(Bloomberg) – Oil rose after stronger U.S. payroll growth allayed concern that the economy of the world’s largest crude-consuming nation is slowing.
Futures climbed 0.6 percent in New York. America’s job market stirred to life in June as payrolls climbed by 287,000, the most since October, after a two-month lull. Oil tumbled 4.8 percent Thursday after government data showed U.S. crude stockpiles fell 2.2 million barrels last week, a smaller drop than forecasts and industry data suggested. The report showed U.S. production slumped to the lowest level since May 2014.
“The jobs number gave us a little bit of optimism about the economy,” said Phil Flynn, senior market analyst at Price Futures Group in Chicago. “There’s been a lot of concern about the economy and what that will mean for demand.”
Oil has traded between $44 and $52 a barrel in the last month after almost doubling from a 12-year low in February amid supply disruptions and falling U.S. output.

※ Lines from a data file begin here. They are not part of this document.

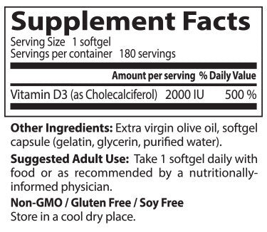 Doctor's Best, Vitamin D3, 2,000 IU, 180 Softgels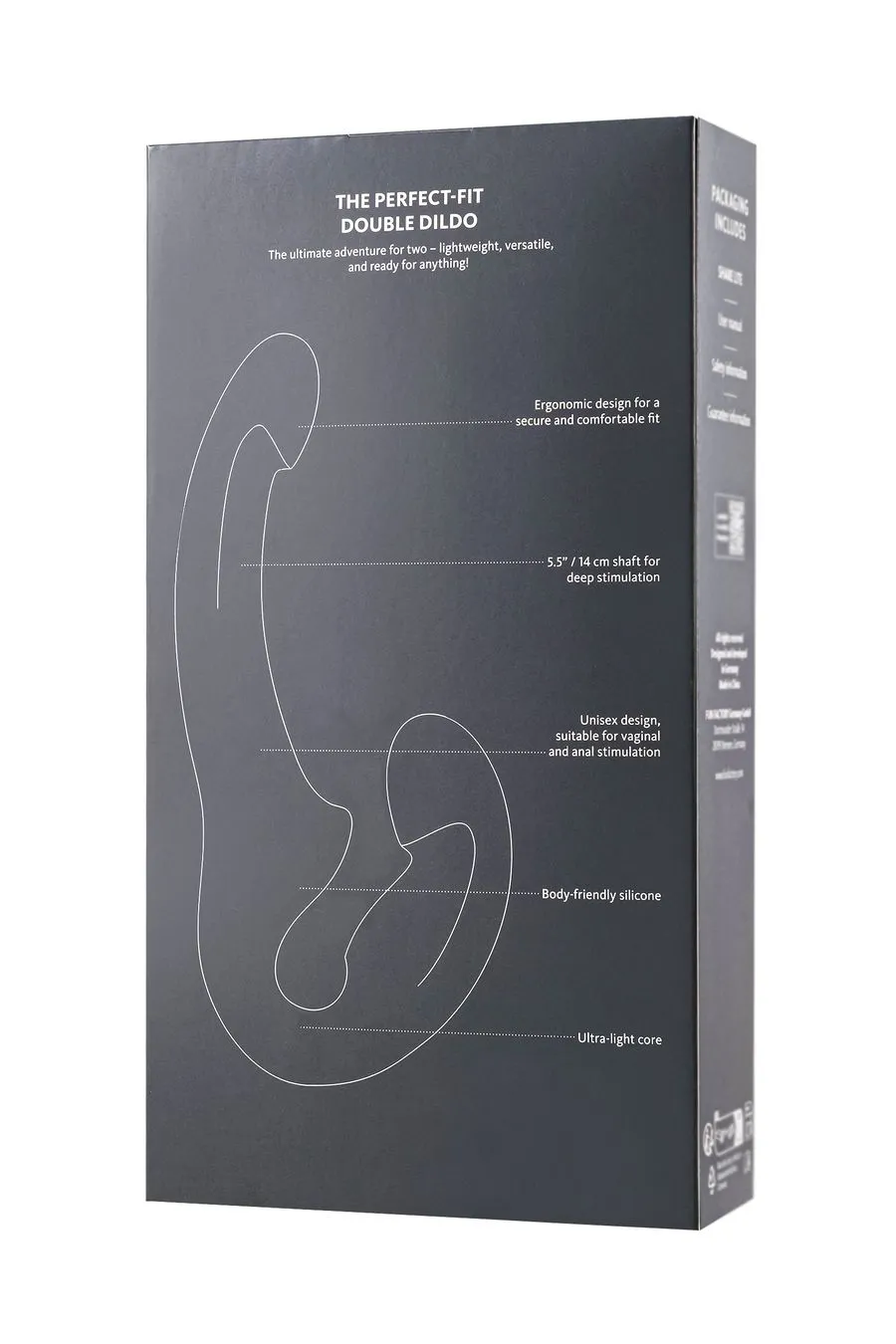 Вторая часть предназначена для ласк активного партнера, длина 15,5 см. Изгиб и выпуклый рельеф удерживает игрушку внутри и соприкасается с двумя эрогенными точками активной партнерши – клитором и точкой «G». Девушка может сама контролировать свой оргазм.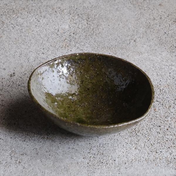 平野寅和 作 黒緑釉浅鉢 横約14cm 幅約13.3cm 高さ約5cm ¥3,080 ざっくりとした土感が風合いあります。 自ら京都・亀岡周辺の土を採取して、土作りをして成形しました。 緑がかった奥行きのある黒がとても美しいです。 電気窯で、何度も釉薬を塗っては焼成、を繰り返してこの色を出しました。 お料理が映える器です。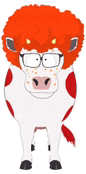 Opis sadržaja: a cartoon cow with glasses and a red afro is standing on a white background .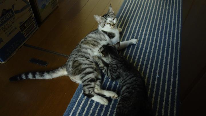 するとユウナは大きくなった今でも、お母さん猫のオッパイを吸って甘えています。(^^)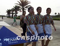 圖:金海岸酒店女服務(wù)員成博鰲論壇亮點 2002年04月10日 19:46 ![]() 海南博鰲亞洲論壇開幕在即,論壇主會場金海岸酒店的女服務(wù)員身著特色服飾,成為博鰲的一道風(fēng)景線。中新社記者 滿會喬 攝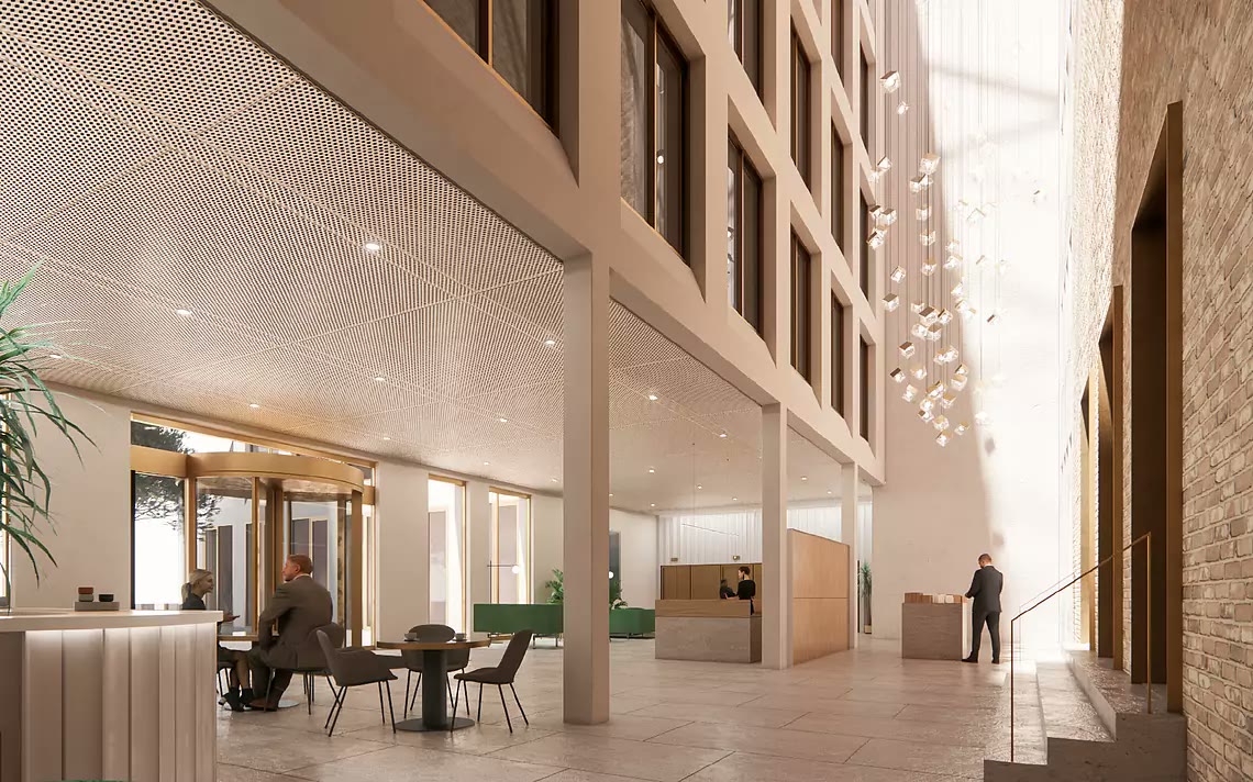 Ziel des Gesamtvorhabens ist es, durch die Kombination aus Bestandsgebäuden, Neubau und harmonisch eingebundenen Freianlagen ein gestalterisch abgestimmtes, lebendiges und urbanes Gebäudeensemble zu schaffen, das den Standort sinnvoll ergänzt und stärkt. Basierend auf dem Entwurf von GRAFT Gesellschaft von Architekten mbH erstellen wir die Ausführungsplanung.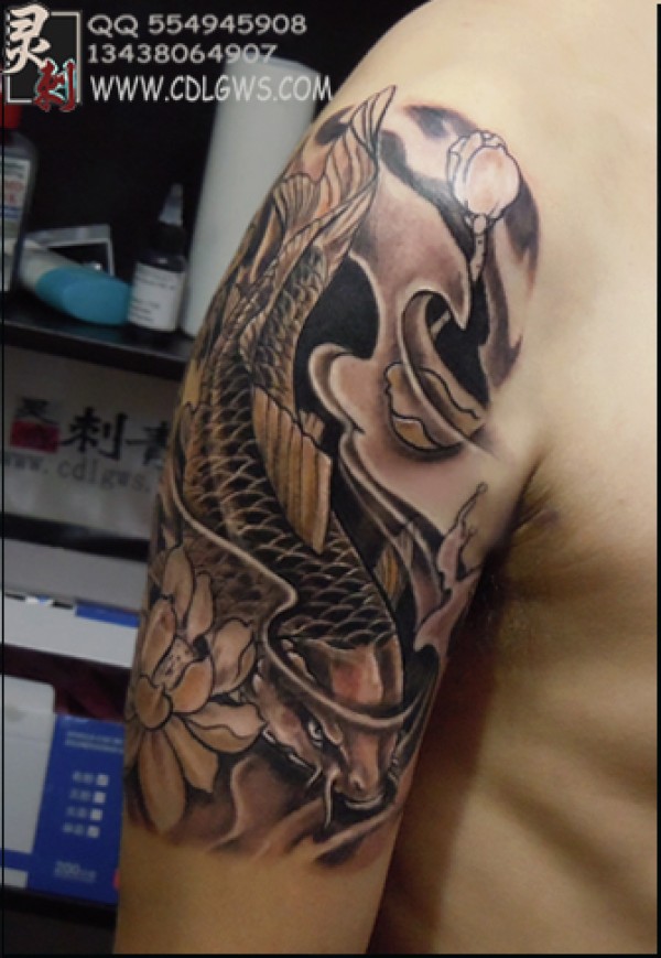 传统莲花鱼纹身图案_传统纹身图案大全_纹身图吧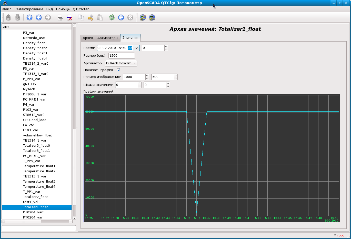 Построение системы получения данных следующее: в модуле модбас для расходомера создан контроллер, каждый параметр это параметр расходомера, например плотность, получаю значения параметров двумя двухбайтными переменными, потом передаю их в модуль логического уровня, где через шаблон получаю вещественное значение, полученное вещественное значение архивирую.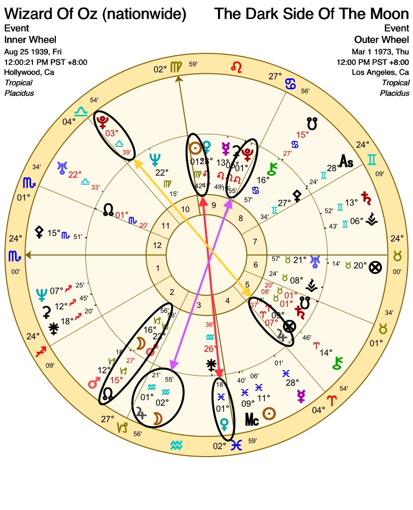 - DSOTM Pluto opposition WOO Jupiter (yellow line): This is the third opposition and significant because it reinforces the Jupiter-Pluto opposition seen in the 2nd dynamic above. Overall, these specific aspects show how the combination of these two works of art intensify and expand their influence through their reflection upon each other.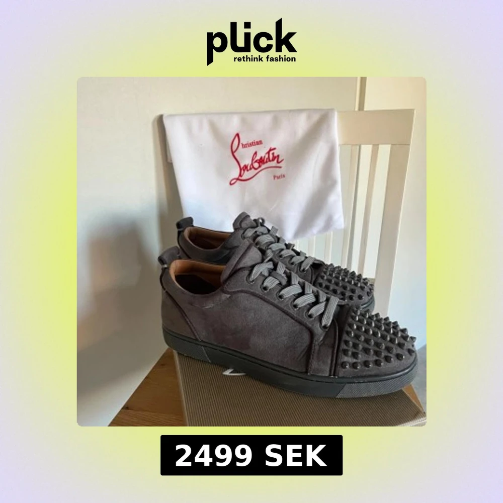 Snygga grå sneakers från Christian Louboutin i mocka med ikoniska röda sulor och coola nitar på tån. Skorna har rund tå, platt sula och grå snörning. Perfekta för dig som vill sticka ut med exklusiv streetstyle. En nit saknas men följer med extra, Kvitto finns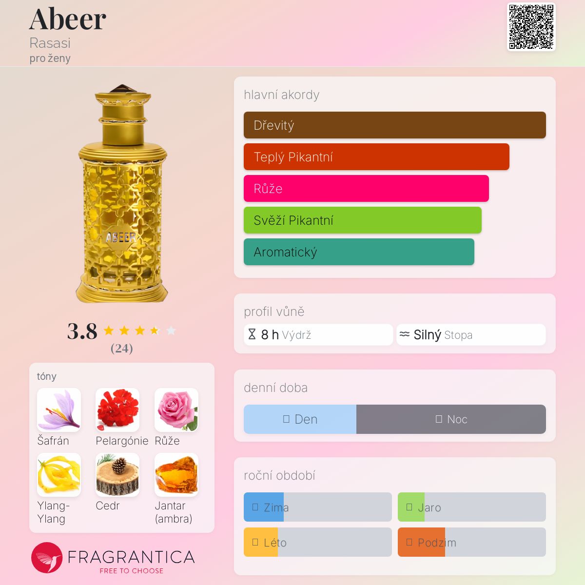 Abeer podle Rasasi je Floral Woody Musk vůně pro ženy. Vrchní tóny jsou Šafrán, Ylang-Ylang, Levandule a Bergamot; střední tóny jsouPelargónie, Růže, Virginský cedr, Jantar (ambra) a Jasmín ; základní tóny jsou Santalové dřevo, Pačuli a Pižmo.
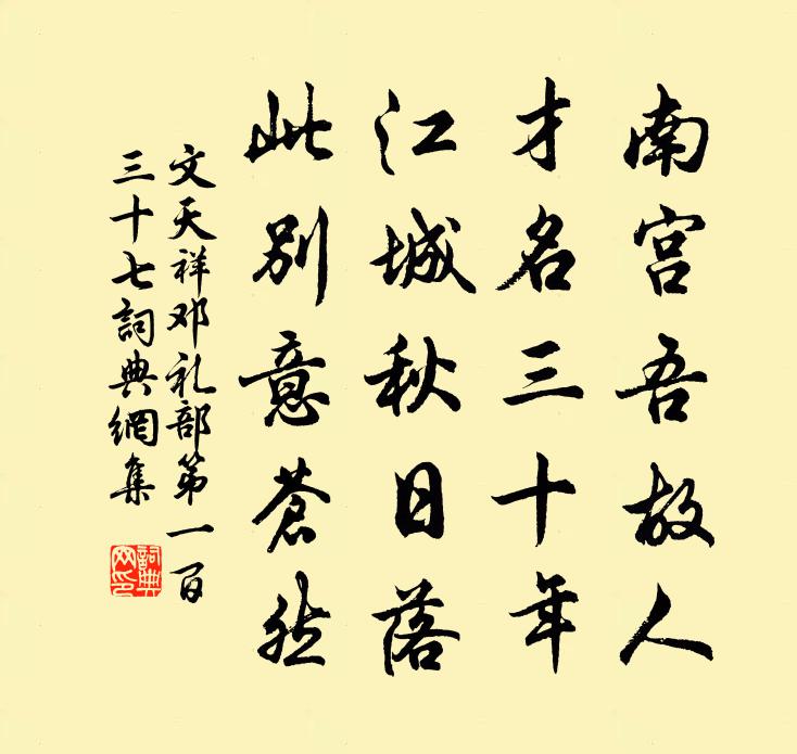 詩詞名句歷史字典書法欣賞書法字典國語詞典說文解字康熙字典古漢語字典標 題 作 者 詩 句 鄧禮部第一百三十七作者:文天祥 朝代:宋代鄧禮部第一百三十七原文南宮吾故人,才名三十年。江城秋日落,此別意蒼然。詩詞問答問:鄧禮部第一百三十七的作者是誰?答:文天祥問:鄧禮部第一百三十七寫於哪個朝代?答:宋代問:文天祥的名句有哪些?答:文天祥名句大全文天祥鄧禮部第一百三十七書法欣賞鄧禮部第一百三十七書法作品詩詞推薦寒食出郊三首李揆〔宋代〕寒食深山路,桃花雨里開。可憐傳檄出,不為踏青來。泥滑竹岡下,雞鳴田舍隈。邱園二十里,松檟有餘哀。論詩三十首·十九元好問〔金代〕萬古幽人在澗阿,百年孤憤竟如何? 無人說與天隨子,春草輸贏較幾多。 賣木犀花周端臣〔宋代〕拚卻杖頭沽酒物,湖邊博得木犀花。西風可是無拘束,一路吹香直到家。新刊予西陲奏藁成岳珂〔宋代〕昔人甫徹棄芻狗,此日已歸談木牛。報國無階空馬革,託身有地早菟裘。乘車載苡才經謗,三宿戀桑真可羞。掩卷入塞曲鄭鏦〔唐代〕留滯邊庭久,歸思歲月賒。黃雲同入塞,白首獨還家。宛馬隨秦草,胡人問漢花。還傷李都尉,獨自沒黃沙。招劉學錄陳宓〔宋代〕去年八月登高集,今歲依然共此筵。莫訝霜毛成種種,且欣露蕊已鮮鮮。小橋擬換香出版,曲岸新成范蠡船。少年鴛鴦湖棹歌 之十四朱彝尊〔清代〕堤外湖光堤內池,露荷珠綴夜涼時。阿誰月底修蕭譜,更按《東堂》舊日詞。寄婺州溫郎中(時刺睦州)厲玄〔唐代〕積雪沒蘭溪,鄰州望不迷。波中分雁宿,樹杪接猿啼。婺女家空在,星郎手未攜。故山新寺額,掩泣荷重題。次韻答潘監稅勉其小忍項安世〔宋代〕舊目潘懷縣,長憐簿官卑。清秋一搖落,綠鬢兩衰遲。今代諸孫在,遺風百世知。四聲喔激烈,九折訴嵌{嵌甘換旱後郴寇又作楊萬里〔宋代〕自憐秋蝶生不早,只與夜蛩聲共悲。眼邊未覺天地寬,身後更用文章為。去秋今夏旱相繼,淮江未淨郴江沸。餓夫對花微疾不飲呈坐中諸公杜牧〔唐代〕花前雖病亦提壺,數調持觴興有無?盡日臨風羨人醉,雪香空伴白髭鬚。送張迪功赴南京掾二首陳與義〔宋代〕士固難推挽,君其自寵珍。詩成建安子,名到斗南人。晚歲還為客,微官只為身。向來書盡熟,去不愧張巡。苦旱六首陳造〔宋代〕頻年忍流移,猶幸稊稗熟。稊亦已無,何以填飢腹。時方迫凍餒,勢恐瞢榮辱。儻無意外憂,根櫱猶可斸。贈廣陵妓張又新〔唐代〕雲雨分飛二十年,當時求夢不曾眠。今來頭白重相見,還上襄王玳瑁筵。宇文樞密輓詩魏了翁〔宋代〕人物眇然甚,天胡不憗公。北風鳴槭槭,西火亂蓬蓬。襄鄂誰專閫,江淮孰總戎。是應當饋嘆,曩日鎮江功。醉落魄(生日自戲)韓元吉〔宋代〕相看半百。勞生等是乾坤客。功成一笑驚頭白。惟有榴花,相對似顏色。蓬萊水淺何曾隔。也應待得蟠桃摘。我歌因過張郎中識孫才翁教授時徐衡仲亦在坐成四張鎡〔宋代〕邂逅如相約,新交會舊知。軒窗渾未暑,賓主總能詩。小草浮冰楮,初篁映錦葵。星郎風韻殺,我輩盍幽期。上平西劉處玄〔元代〕戀恩情,恩生害,死難逃。氣不來、身臥荒郊。改頭換面,輪迴販骨幾千遭。世華非堅如石火,火宅囚牢。任雲水春晴晁端禮〔宋代〕燕子來時,清明過了,桃花亂飄紅雨。倦客淒涼,千里雲山將暮。淚眸回望,人在玉樓深處。向此多應念遠,憑欄廨舍梅花欲開三絕王炎〔宋代〕頗怪涪翁錯下言,水仙許入弟兄間。恨無好語供題品,花定嗔人頹玉山。名句推薦何日平胡虜,良人罷遠征。李白《子夜吳歌·秋歌》 戍鼓斷人行,邊秋一雁聲。杜甫《月夜憶舍弟》 望廬思其人,入室想所歷。潘安《悼亡詩三首》 六翮飄颻私自憐,一離京洛十餘年。高適《別董大二首》 看似尋常最奇崛,成如容易卻艱辛。王安石《題張司業詩》 早歲那知世事艱,中原北望氣如山。陸游《書憤五首·其一》 自與東君作別,剗地無聊。納蘭性德《風流子·秋郊即事》 銜霜當路發,映雪擬寒開。何遜《詠早梅 / 揚州法曹梅花盛開》 我軍青坂在東門,天寒飲馬太白窟。杜甫《悲青坂》 草螢有耀終非火,荷露雖團豈是珠。白居易《放言五首·其一》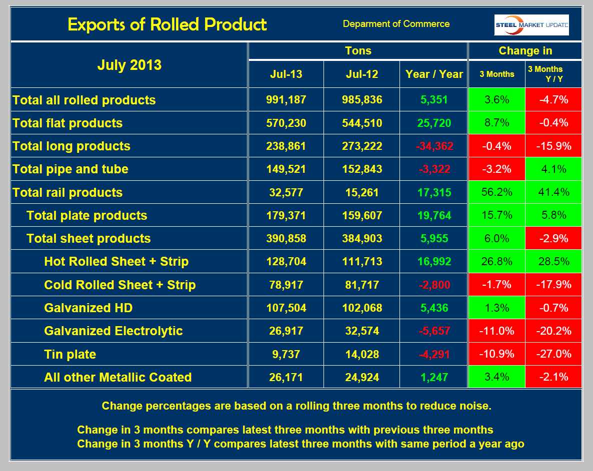 In July 2013, total hot worked steel exports were up by 5,351 tons compared to July 2012. Flat rolled products in total were up by 25,720 tons and long products were down by 34,362 tons. Rail, plate and hot rolled sheet and strip all experienced an increase in export volume in July 2013 compared to July 2012. Table 2 shows the change by product in tons comparing July 2013 and July 2012. It also compares the percent change in the three month periods May through July 2012 and 2013 and in-order to identify the short term change it compares May through July 2013 with February through April 2013. In the sheet market hot rolled exports are up by 28.5 percent in three months through July year over year as all other sheet product exports declined.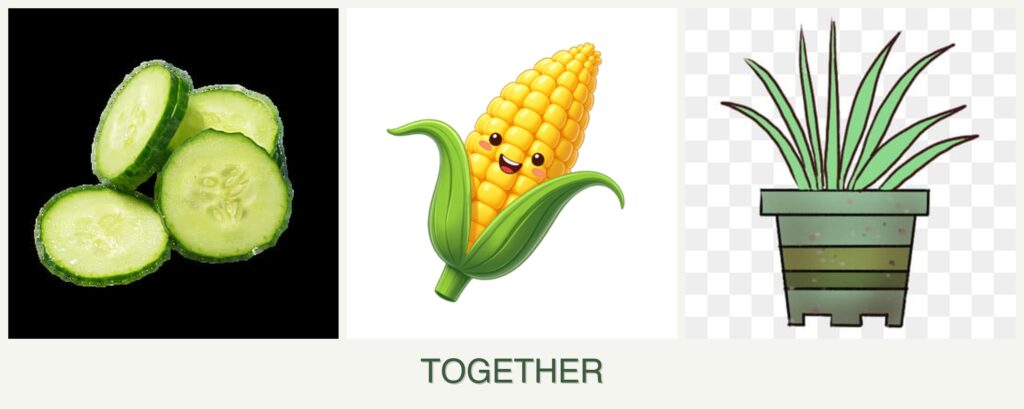 - Timing: Plant corn first, followed by cucumbers and lemongrass once the corn is established.

The recovery has prompted American producers to begin returning drilling rigs to service, leading to speculation the output decline will slow.
West Texas Intermediate crude for August delivery rose 27 cents to close at $45.41 a barrel on the New York Mercantile Exchange. Futures capped a 7.3 percent weekly decline, the most since February. The grade settled at $45.14 on Thursday, the lowest since May 10. Total volume traded near the 100-day average at 2:50 p.m.
Brent for September settlement increased 36 cents, or 0.8 percent, to $46.76 a barrel on the London-based ICE Futures Europe exchange. The global benchmark closed at a 64-cent premium to WTI for the same month.
Crude production in the U.S. tumbled to 8.43 million barrels a day in the week ended July 1, the lowest since May 2014, according to the EIA report. The number of active oil rigs in the U.S. has increased in five of the last six weeks, Baker Hughes Inc. data show. Explorers have idled more than 1,000 oil rigs since the start of last year.
U.S. crude inventories dropped a seventh week to 524.4 million barrels, the lowest since March 11, according to EIA data. A 2.5 million-barrel decline was forecast in a Bloomberg survey and the industry-funded American Petroleum Institute reported a 6.7 million drop. Supplies have fallen from an 87-year high of 543.4 million barrels in the last week of April.
A strike by oil workers in Nigeria entered a second day and a gradual shutdown of facilities is in progress, the Pengassan union said. The government will meet with union leaders on Monday, Oil Minister Emmanuel Kachikwu said. “Gaps in confidence” are hindering talks with rebels who are attacking the nation’s oil facilities, he said. Argentina is importing crude for the third time this year, putting pressure on the government to ease its fixed price for domestic oil. While oil inventories and production continue to decrease, the EIA may be underestimating the output from drilled-but-uncompleted shale wells, Citigroup Inc.’s analysts including Eric Lee said in an emailed report dated July 7.